- Date: 1–8 December 2022
- Location: Namibia
- Player of the series: Brandon McMullen

Teams
- Namibia: Nepal / Scotland

Captains
- Gerhard Erasmus: Rohit Paudel / Richie Berrington

Most runs
- Gerhard Erasmus (169): Gyanendra Malla (139) / Michael van Lingen (131)

Most wickets
- Tangeni Lungameni (8): Lalit Rajbanshi (6) / Brandon McMullen (8)

= 2022 Namibia Tri-Nation Series (December) =

Cricket tournament

The 2022 Namibia Tri-Nation Series was the 18th round of the 2019–2023 ICC Cricket World Cup League 2 cricket tournament which took place in Namibia in December 2022. It was a tri-nation series between Namibia, Nepal and the Scotland cricket teams, with the matches played as One Day International (ODI) fixtures. The ICC Cricket World Cup League 2 formed part of the qualification pathway to the 2023 Cricket World Cup.

Originally the series was scheduled to take place in April 2020. However, on 24 March 2020, the International Cricket Council (ICC) confirmed that all ICC qualifying events scheduled to take place before 30 June 2020 had been postponed due to the COVID-19 pandemic.
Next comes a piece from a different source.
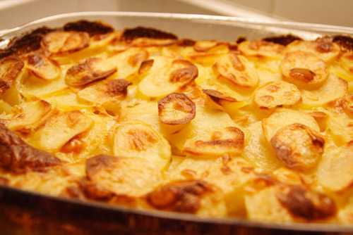Сложите картофель в форму для выпечки и залейте молочной смесью: подогретая сметана, мелко нарезанный плавленый сыр, чеснок и укроп. Выпекать. В конце посыпать тертым твердым сыром.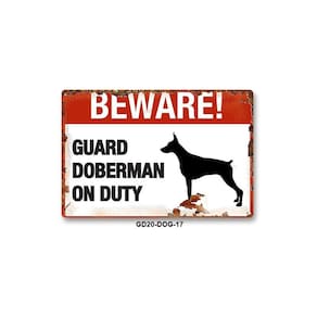 Material: Placa de advertência em PVC — apresenta uma etiqueta “CUIDADO” em negrito, sinalizando a presença de um guarda Doberman de plantão, garantindo a segurança em sua casa ou empresa. Decalque de vinil de alta qualidade — Feito de material de PVC durável, este adesivo autoadesivo é perfeito para uso interno e externo. Fácil aplicação - O suporte autoadesivo facilita a aplicação em qualquer superfície limpa e lisa sem deixar resíduos. Design atraente - Esquema de cores vermelho e preto com uma mensagem de aviso clara e uma silhueta de cachorro, garantindo alta visibilidade para fins de segurança. Uso multiuso — Ideal para cercas, portas, portões e janelas, oferecendo um meio de dissuasão prático e eficaz para possíveis intrusos.

In December 2020, the ICC announced the rescheduled dates for the series.

==Squads==

| Namibia | Nepal | Scotland |
|---|---|---|
| Gerhard Erasmus (c); Karl Birkenstock; Jan Frylinck; Zane Green (wk); Divan la Cock; Jan Nicol Loftie-Eaton (wk); Lo-handre Louwrens (wk); Tangeni Lungameni; Bernard Scholtz; Ben Shikongo; JJ Smit; Ruben Trumpelmann; Michael van Lingen; Pikky Ya France; | Rohit Paudel (c); Dipendra Singh Airee; Kushal Bhurtel; Sagar Dhakal; Gulshan Jha; Sompal Kami; Karan KC; Gyanendra Malla; Lalit Rajbanshi; Harishankar Sah; Arjun Saud (wk); Aarif Sheikh; Aasif Sheikh (wk); Nandan Yadav; | Richie Berrington (c); Matthew Cross (vc, wk); Kyle Coetzer; Chris Greaves; Michael Leask; Tomas Mackintosh; Christopher McBride; Brandon McMullen; George Munsey; Adrian Neill; Safyaan Sharif; Chris Sole; Hamza Tahir; Mark Watt; |

Jan Frylinck was ruled out of Namibia's squad due to an ankle injury.